Leider habe ich bisher vom Ministerium keine Antwort erhalten.
Die EU-Richtlinie schreibt auch vor, dass die rückblickende Bewertung eines Tierversuchs, so sie denn durchgeführt wird, zu veröffentlichen ist. Auch hier hält sich die Regierungsvorlage an die Mindestanforderungen der EU: nur Tierversuche mit Primaten und solche, die schweres Leid verursachen, sind zwingend rückblickend zu bewerten. Die Regierungsvorlage verbietet aber die rückblickende Bewertung von Tierversuchen, die geringes Leid verursachen oder an terminal betäubten Tieren stattfinden. Für Tierversuche mit mittlerem Tierleid obliegt es einem Beamten im Ministerium, ob es zu einer rückblickenden Bewertung kommt.
Die Angabe des Schweregrad des Leids wird vom Antragsteller des Tierversuchs in seinem Antrag in Eigenregie eingeschätzt. Wäre da eine rückblickende Bewertung nicht zwingend nötig, um nach dem Tierversuch diese Einschätzung zu überprüfen? Und beweist nicht die Vorgabe der Veröffentlichung rückblickender Bewertungen, dass die EU-Kommission natürlich schon wollte, dass auch der Schweregrad des Leids veröffentlicht wird, da dieser ja in der rückblickenden Bewertung eine zentrale Position hat?

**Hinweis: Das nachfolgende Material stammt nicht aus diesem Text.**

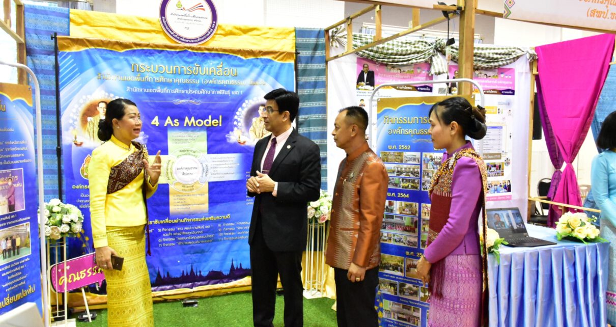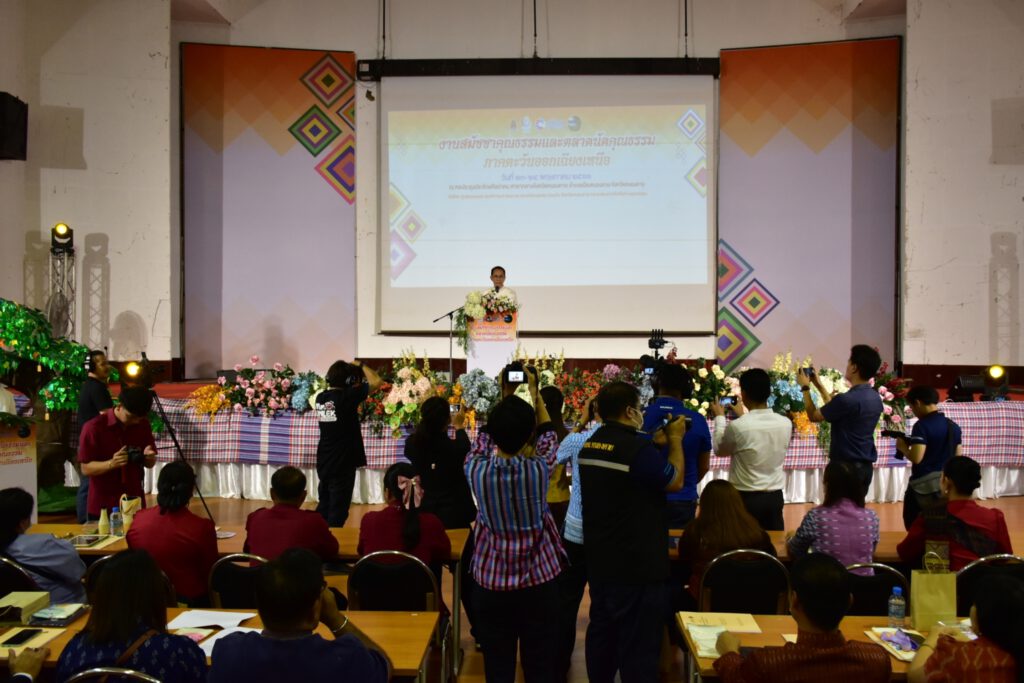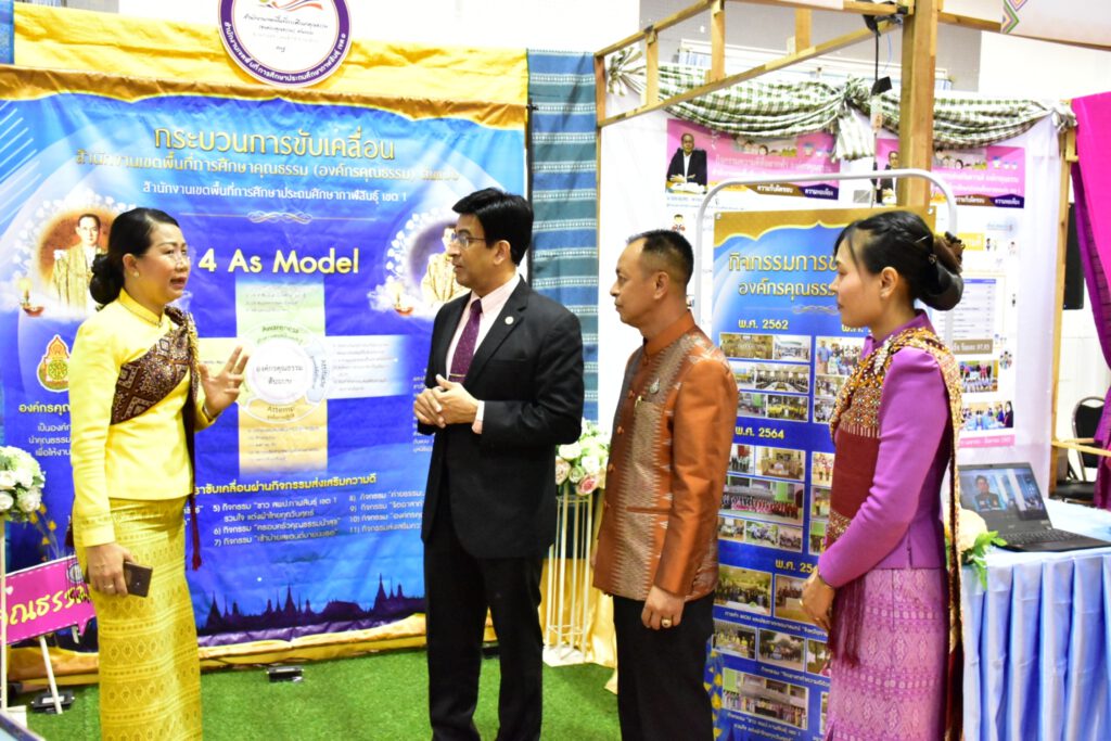 วันที่ 24 พฤษภาคม 2566 ดร.วิเศษ พลอาจทัน ผอ.สพป.กาฬสินธุ์ เขต 1 มอบหมายให้นางวชิรนุช พรหมภัทร์ รองผอ.สพป.กาฬสินธุ์ เขต 1 ศึกษานิเทศก์แกนนำคุณธรรมจิตอาสา และกลุ่มมดงาน ได้รับมอบหมายร่วมจัดนิทรรศการงานสมัชชาคุณธรรมและตลาดนัดคุณธรรม ภาคตะวันออกเฉียงเหนือ พร้อมนำเสนอการขับเคลื่อนโครงการสำนักงานเขตพื้นที่การศึกษาคุณธรรม (องค์กรคุณธรรม) ต้นแบบ ต่อรศ.นพ.สุริยเดล ทรีปาตี ผู้อำนวยการศูนย์คุณธรรม (องค์การมหาชน) และรับเกียรติบัตรหน่วยงานที่ร่วมจัดนิทรรศการจากท่านผู้ว่าราชการจังหวัดหนองคาย นายราชันย์ ซั้นหั้ว ณ หอประชุมประจักษศิลปาคม ศาลากลางจังหวัดหนองคาย

Auch daran erkennt man wieder, wie von Seiten der ÖVP-Behörden – ob Landwirtschafts- oder Wissenschaftsministerium, ob zu Nutztieren oder Versuchstieren – immer mit aller Macht und vorsätzlicher Bösartigkeit gegen die Tiere entschieden wird. Vorgaben der EU werden verdreht und möglichst negativ für die Tiere ausgelegt, Gesetze zum Schutz der Tiere immer am absoluten Minimum angesiedelt – außer der öffentliche Druck ist zu groß –, Übergangsfristen für Tierschutzmaßnahmen zum St. Nimmerleinstag ausgedehnt (3 Jahre für die Erstellung eines Fragenkatalogs!, 21 Jahre für die Abschaffung des Kastenstands) und bereits bestehende Verbote in eigenen Verordnungen untergraben und ins Gegenteil verkehrt. Ich frage mich wirklich, wie sich diese Menschen in der Früh im Spiegel ins Gesicht schauen können!
PS: ein spannender Leserkommentar zu diesem Thema erschien gerade im Online-Standard http://derstandard.at/1350261401883/Staatsgeheimnis-Tierversuche#forumstart
Sehr interessant! Vielen Dank für diesen Artikel.